L'accusa stamattina aveva chiesto una penalizzazione di "soli" 9 punti, oltre all'inibizione dell'ex presidente per 16 mesi. La Juve era già stata assolta in primo grado e in appello; la riapertura è stata possibile perché sono arrivati "nuovi elementi" a carico dei bianconeri

Plusvalenze, durissima sentenza della Corte Figc: 15 punti di penalizzazione alla Juventus, Agnelli-Arrivabene inibiti per 2 anni

Juventus penalizzata di 15 punti in classifica, l'ex presidente Andrea Agnelli inibito per 2 anni (30 mesi a Paratici, 20 a Cherubini, 8 a Nedved): dice questo la sentenza della Corte federale, che questa sera ha accolto l'istanza per la revocazione del processo plusvalenze presentata dalla procura Figc, riaprendo così il procedimento sportivo a carico della società bianconera.

Pesantissime le sanzioni (che tra l'altro coinvolgono solo la Juventus e non le altre società indagate, che sono state tutte prosciolte): il procuratore Giuseppe Chinè aveva infatti richiesto "soltanto" 9 punti di penalizzazione. 
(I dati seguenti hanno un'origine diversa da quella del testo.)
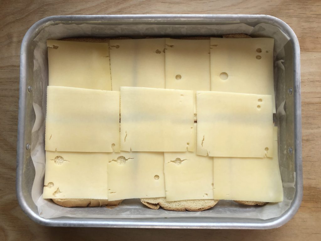 Diese mit den Emmentalerscheiben bedecken: zum Komfort habe ich bereits geschnittenen verwendet. Wenn Sie diesen nicht finden, empfehle ich, die gleiche Menge Emmentaler zu reiben, da es ziemlich schwierig ist, mit einem Messer dünne Scheiben zu erhalten.
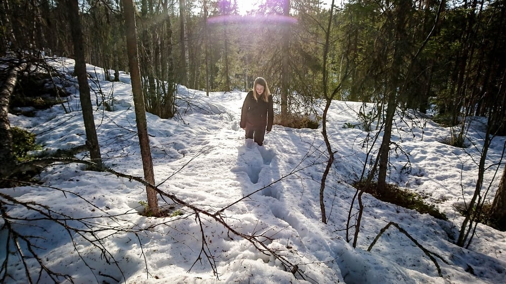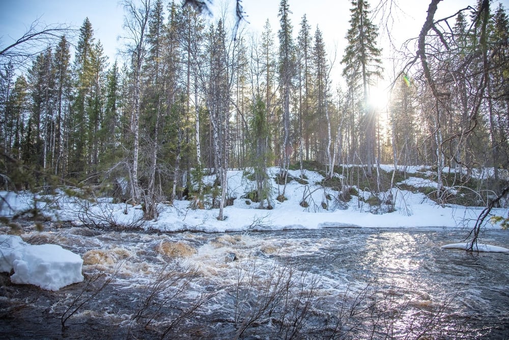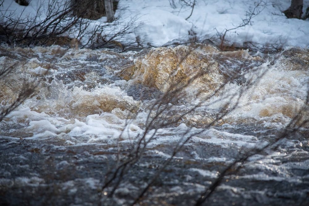 Siitä syntyi oitis idea uhmata märkää lumihankea ja suunnata koskea katsomaan illalla. Mieskin tuli mukaan, vaikka arvasimme molemmat, että ei tuu olemaan helppoa.
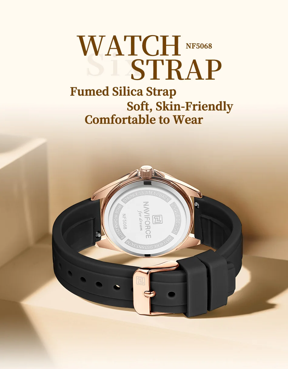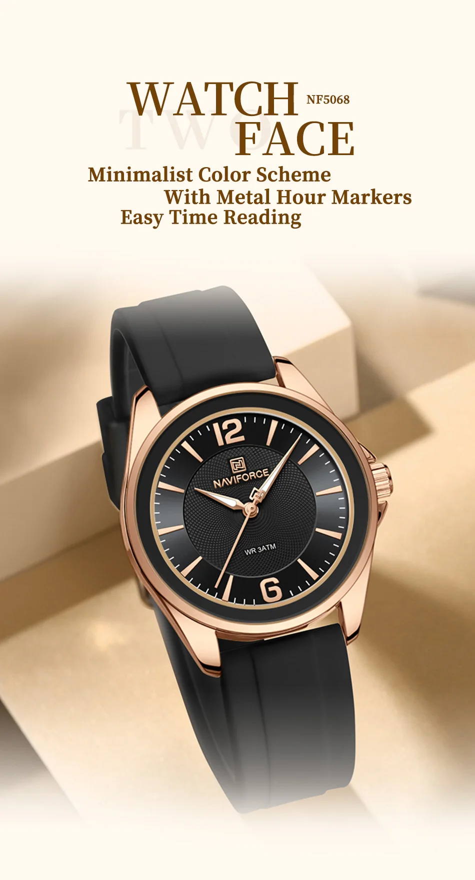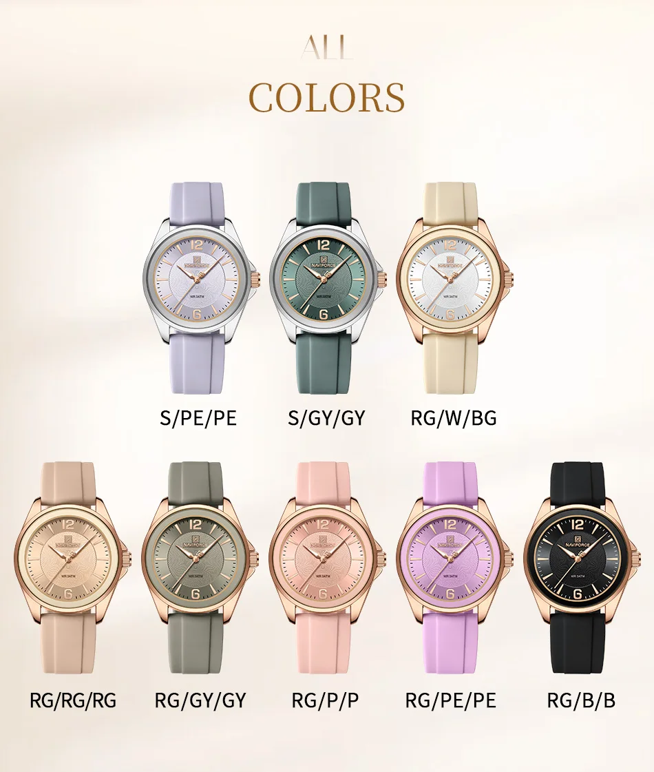NAVIFORCE Original Women’s Watches Classic Round Dial Silicone Strap 3ATM Waterproof Luxury Watch for Women Give for girls gifts

La riapertura del caso, visto che la Juve era stata assolta in primo grado e in appello, è stata possibile grazie ai "nuovi elementi" presentati dalla procura federale, in particolare le carte, con le nuove intercettazioni, in arrivo dall'inchiesta Prisma.
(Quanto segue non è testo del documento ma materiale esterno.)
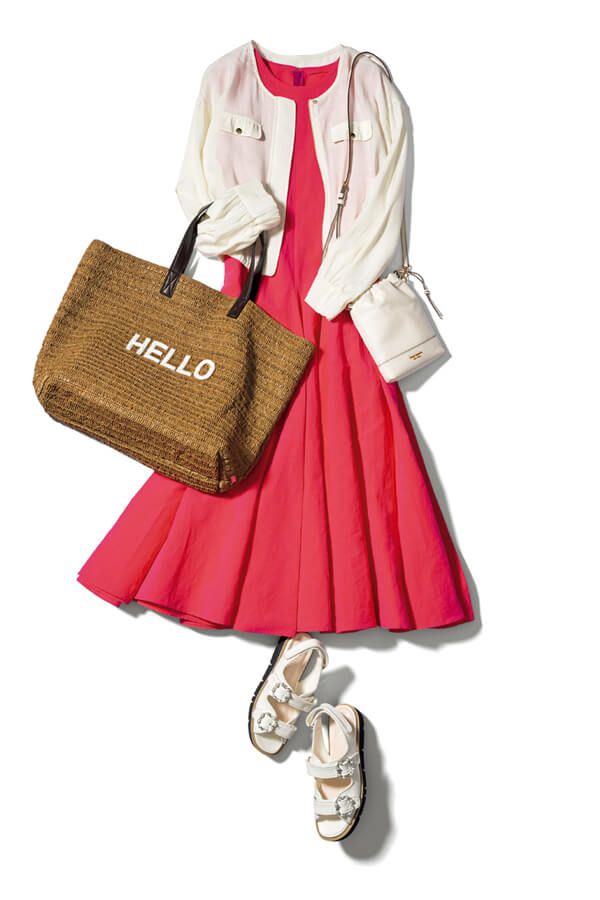 ブルゾン¥11,990/PROPORTION BODY DRESSING ワンピース¥75,900/オブリオ トートバッグ¥37,730/ニーナバッグ(ピーチ) ショルダーバッグ¥26,400/ケイト・スペード ニューヨーク(ケ イト・スペード カスタマーサービス) 靴¥18,700/ダイアナ(ダイアナ 銀座本店)
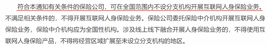 而这次的新规规定,只要保险公司符合条件(具体条件在第二、三部分讲),即便没有分支机构,也能在全国范围内卖。
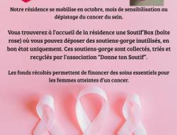 Vous trouverez à l’accueil de la résidence une Soutif’Box (boîte rose) où vous pouvez déposer des soutiens-gorge inutilisés, en bon état uniquement. Ces soutiens-gorge sont collectés, triés et recyclés par l’association Donne ton Soutien.
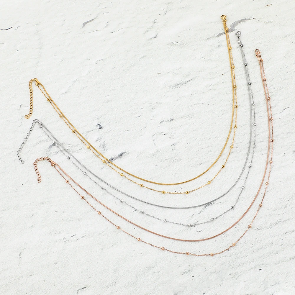 Двухслойный Нержавеющаясталь Гладкий колье в виде змеи из бисера минималистское ожерелье как подарок на день матери
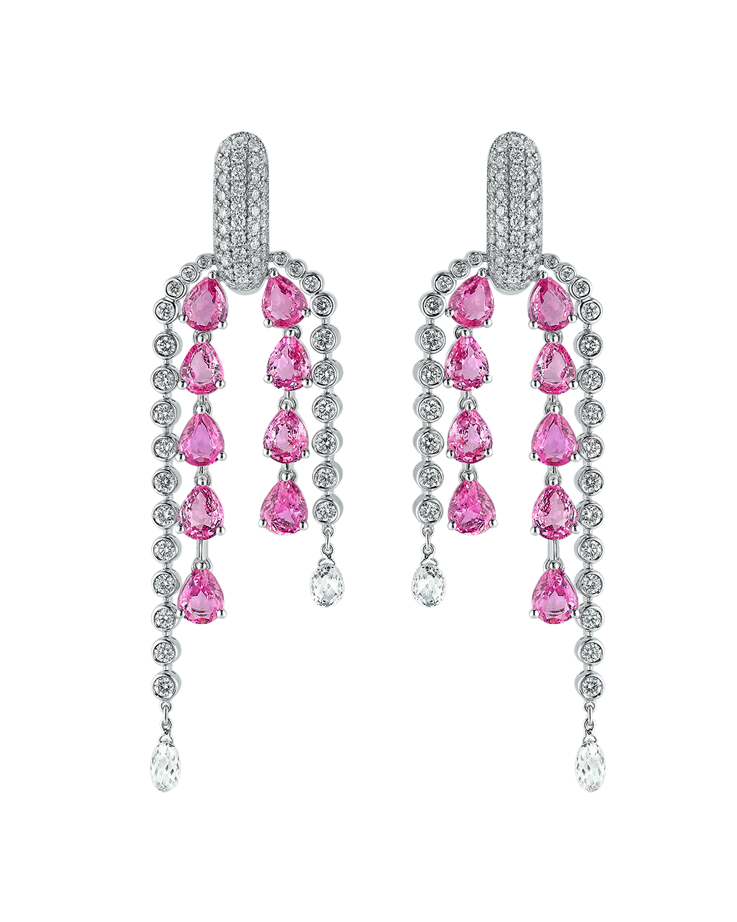 Today's Princess Pırlantalı Pembe Safirli 18 Ayar Beyaz Altın Küpe

La Juventus aveva provato a difendersi sostenendo di non poter essere riprocessata per un episodio già andato a sentenza. Ora si rivolgerà al Collegio di garanzia del Coni, che corrisponde un po' alla "Cassazione" dello Sport: non entrerà cioè nel merito della sentenza ma ne valuterà la legittimità. In sostanza, non potrà ridurre o aumentare i punti di penalizzazione o i mesi di inibizione dei dirigenti, ma potrà solo dire se la sentenza è stata legittima, confermandola, oppure no, cancellandola del tutto.